Лёша был центром московской литературной поэтической жизни, и все в диапазоне от Юрия Кублановского до Олега Чухонцева ходили в это рок-кабаре читать. Эти концерты продолжались по пять-шесть часов – начинали в шесть, а заканчивали далеко за полночь. Это была наша главная отдушина, когда ещё не печатали очень многих. Это была, конечно, такая подпольная жизнь, но солнечное подполье. Не зря антология литературного рок-кабаре так и называлась – «Солнечное подполье», потому что не было каких-то андеграундных комплексов, это было светлое, радостное явление. Поэтому Лёши так мучительно не хватает. И никто после него не мог с такой силой всех примирять, сглаживать все эти противоречия наши, никто нас больше так не любил. Да и мы никого больше так не любили. Почему я думаю, что загробная жизнь есть? Потому что Дидуров не мог исчезнуть целиком. Ну и многие не могут, я думаю.


Теперь что касается Леонида Соловьёва. Это очень интересный извод русской литературы. Он юность провёл в Средней Азии, хотя по происхождению своему русак из русаков. Он сумел написать несколько недурных ранних очерковых книг, но первая слава пришла к нему в 1940 году с «Возмутителем спокойствия».

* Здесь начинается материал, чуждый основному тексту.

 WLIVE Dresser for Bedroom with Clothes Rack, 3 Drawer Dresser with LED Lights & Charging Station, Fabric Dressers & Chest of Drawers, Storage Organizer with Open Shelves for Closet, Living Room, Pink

Почему Ходжа Насреддин оказался в это время главным, самым обаятельным героем русской литературы? (Вот тут пишут мне, что в городе был один экземпляр этой книги, и на неё стояла в библиотеке трёхмесячная очередь, но удалось нашему герою всё-таки её прочитать.) Это очень интересное, очень нестандартное продолжение линии Остапа Бендера, странствий плута, странствий хитреца. Почему это перенесено в Среднюю Азию, объяснить очень просто – потому что всё более азиатской становится русская жизнь, жизнь при Сталине. И, конечно, Бендер уже невозможен, а возможен Ходжа Насреддин.

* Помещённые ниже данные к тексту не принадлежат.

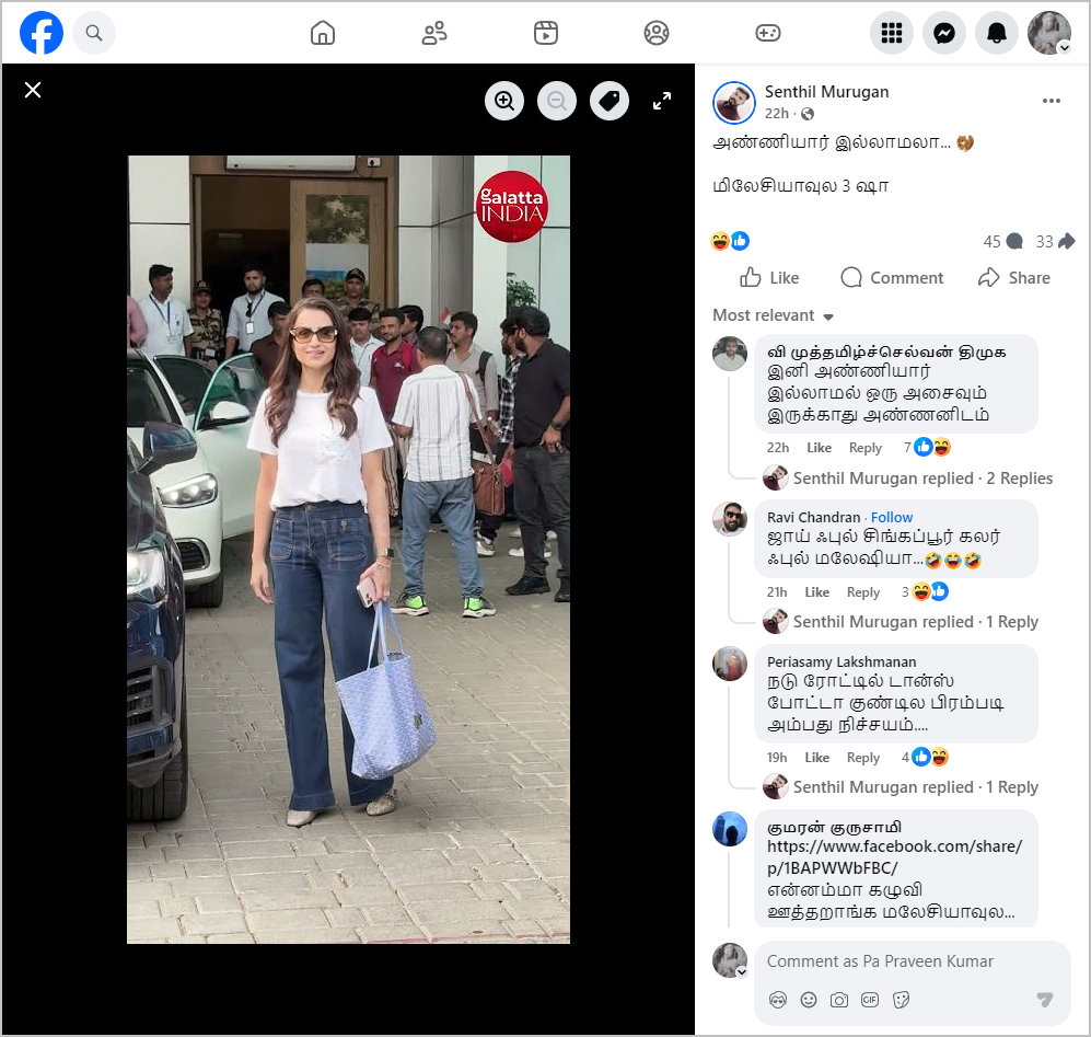 அதே போன்று புகைப்படத்திற்கு போஸ் கொடுத்தது போன்று மற்றொரு புகைப்படத்தை ஃபேஸ்புக்கில் பதிவிட்டு, “அண்ணியார் இல்லாமலா… 🐿️மிலேசியாவுல 3 ஷா” என்று குறிப்பிடப்பட்டிருந்தது. இந்த புகைப்படங்களை பலரும் சமூக ஊடகங்களில் பதிவிட்டு வருகின்றனர்.

Кто такой в сущности Ходжа Насреддин? Хитрец восточного типа, который внутри мира «Тысячи и одной ночи» – мира жестокого, кровавого, пряного, острого, страшно авантюрного и при этом насквозь прозрачного, мира, в котором никуда не укрыться, – выбирает новый modus vivendi. Ходжа Насреддин – гениальный приспособленец. Он мастер басни, мастер эзоповой речи (хотя никакого Эзопа там, конечно, не знают). Он имитирует народный, фольклорный стиль, но на самом деле это стиль глубоко авторский. Он великолепно сочетает сладкоречивость и многословие восточной аллегории и вот эту фольклорную остроту, фольклорную соль. Юмор Ходжи Насреддина, правда, грубоват, да и сама книга грубовата, но она очень точно имитирует витиеватый слог сталинской эпохи, абсолютно точно отражает страшную жару тоталитаризма – жару, от которой нельзя укрыться в тени, потому что она везде. И единственный способ среди этой жары и среди этого палящего тоталитарного солнца создать хотя бы иллюзию тени – это вот так гениально приспособиться.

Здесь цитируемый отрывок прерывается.